Do voto do juiz relator extraem-se as seguintes considerações,verbis: ‘Com efeito, a alegação de que a participação de licitantes com grau de parentesco numa mesma licitação colocaria em perigo o princípio da igualdade entre os licitantes alheios aos laços familiares não tem procedência, uma vez que as condições da licitação são idênticas para todos os concorrentes.
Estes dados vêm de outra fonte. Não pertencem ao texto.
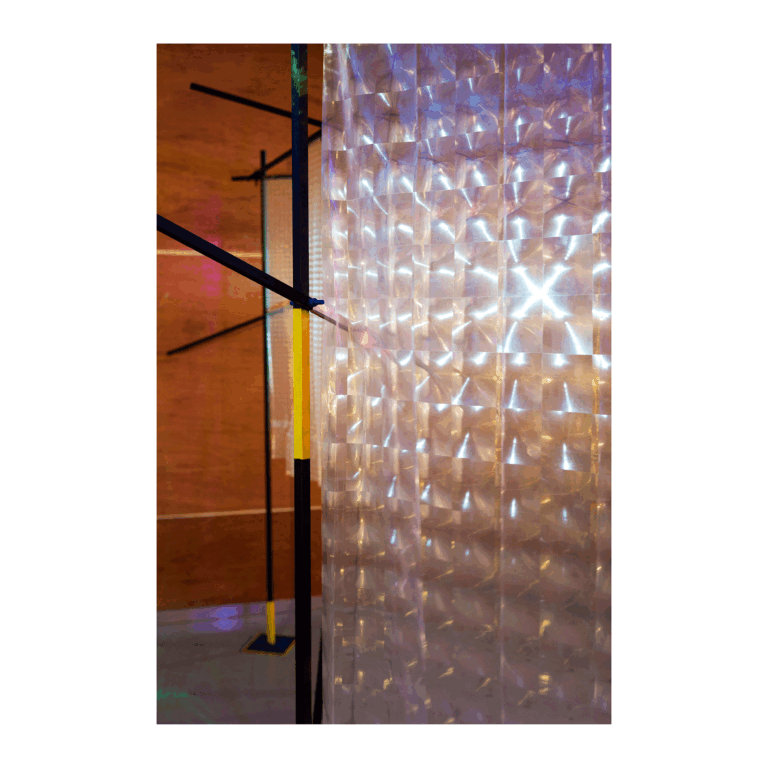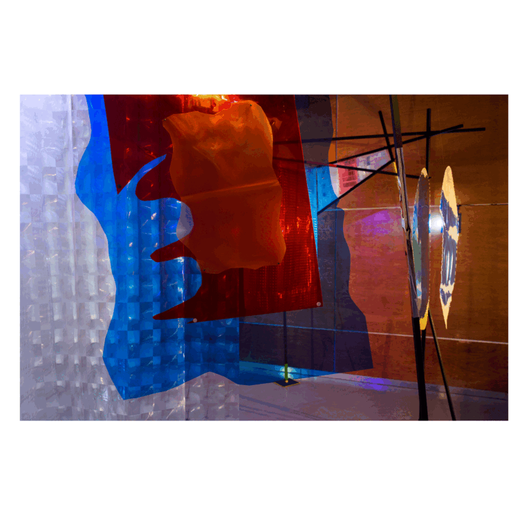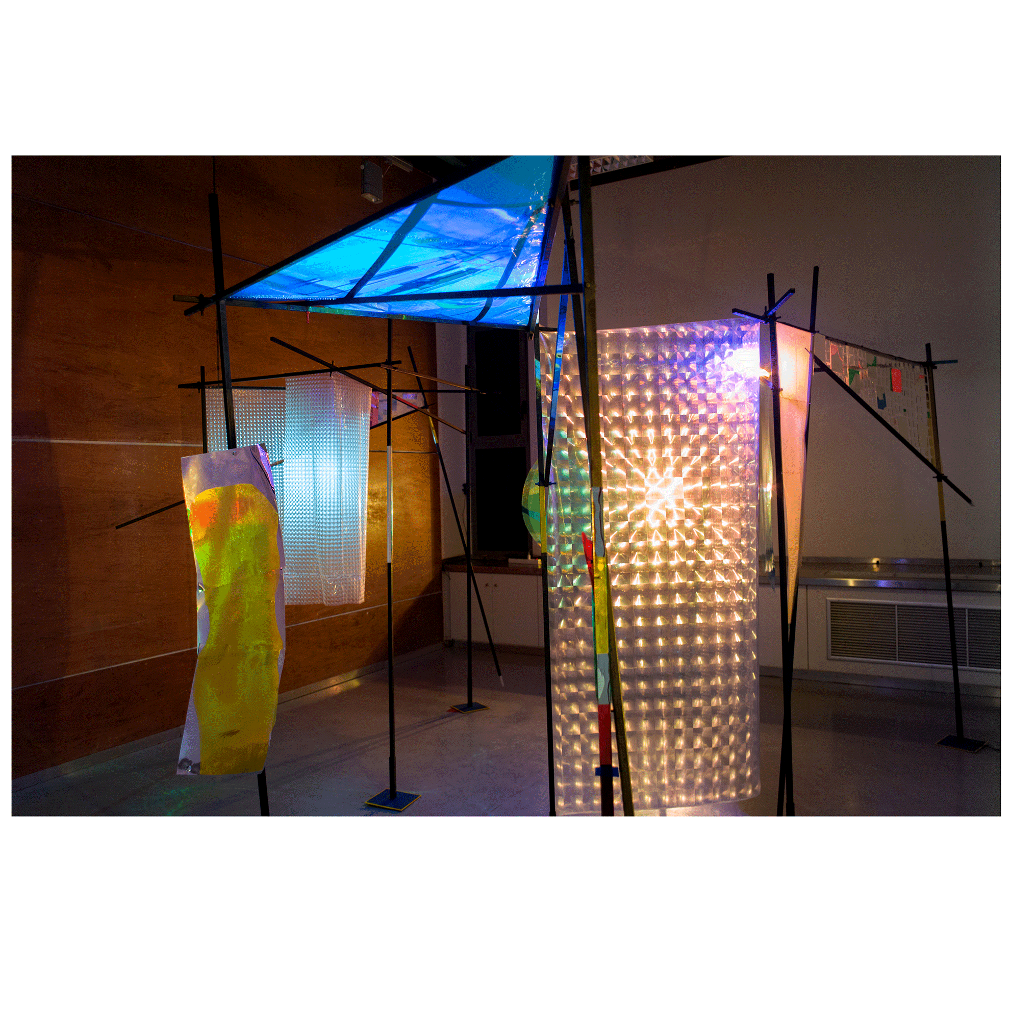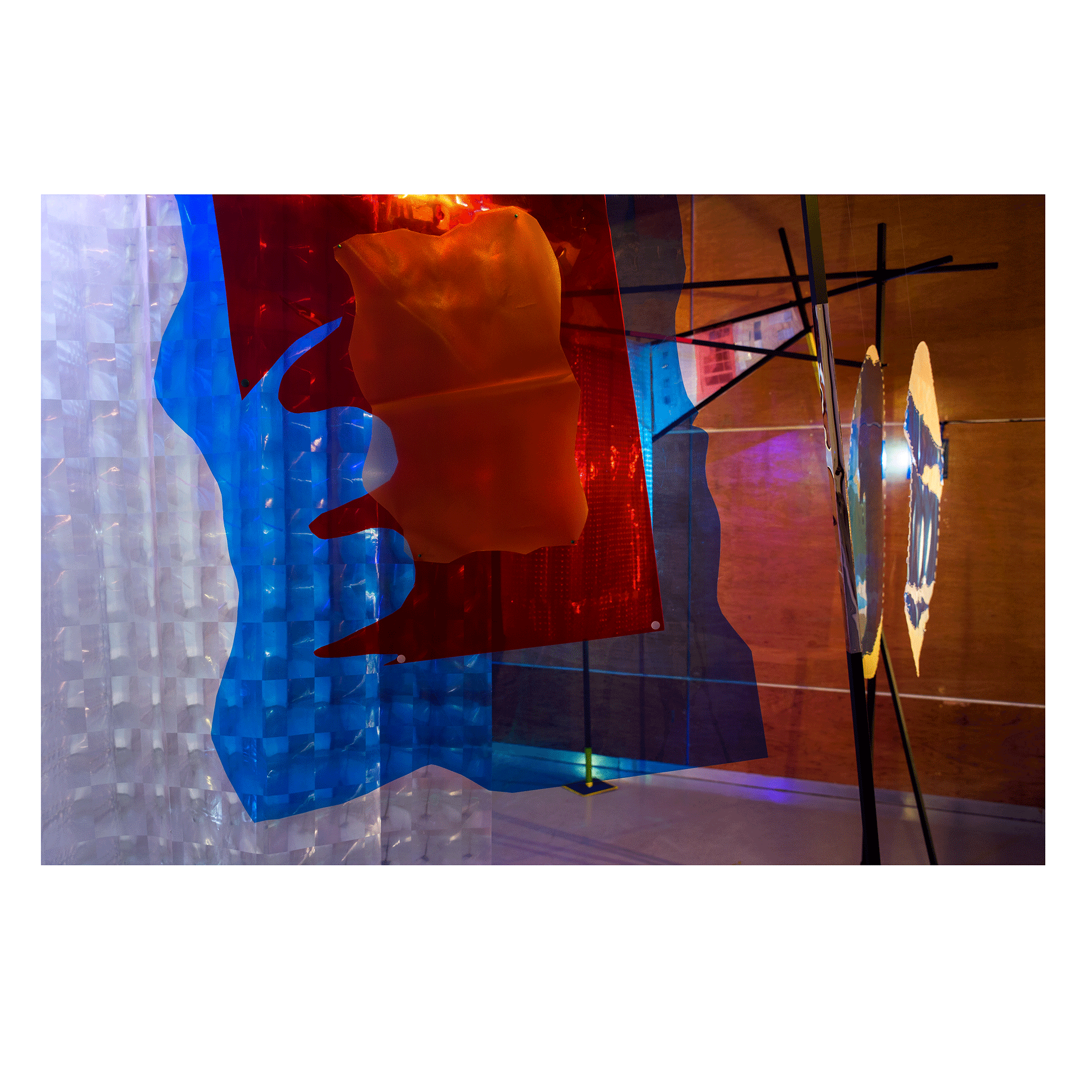 Transparent Colors Conjure Landscapes is a spatial installation on a human scale. It explores various interpretations of reality and examines the elements that contribute to creating a unique version each time. Inviting viewers to navigate the space and actively engage with the work, it encourages them to momentarily leave their imprint through a camera that live-streams the space in a section of the installation. Shadow, color and multiple layers are key elements of this work..

A existência do parentesco entre os licitantes, ainda que seja admissível elucubrar a possibilidade de eles atuarem mancomunadamente para, por exemplo, aumentar o valor do contrato a ser cumprido, o certo é que essa possibilidade também existe quando os licitantes não guardam qualquer grau de parentesco Para coibir essas possibilidades de fraudes, no entanto, existem procedimentos legais, dos quais deve a autoridade administrativa fazer uso, e não impedir a participação de licitantes que mantém laços de parentesco. Não tem procedência, pois, a aplicação da teoria da desconsideração da pessoa jurídica para impedir a participação de licitantes com grau de parentesco numa mesma licitação, pois ausente qualquer prenúncio de fraude, a qual, ademais, em se tratando de mandado de segurança, exige-se esteja comprovada documentalmente’.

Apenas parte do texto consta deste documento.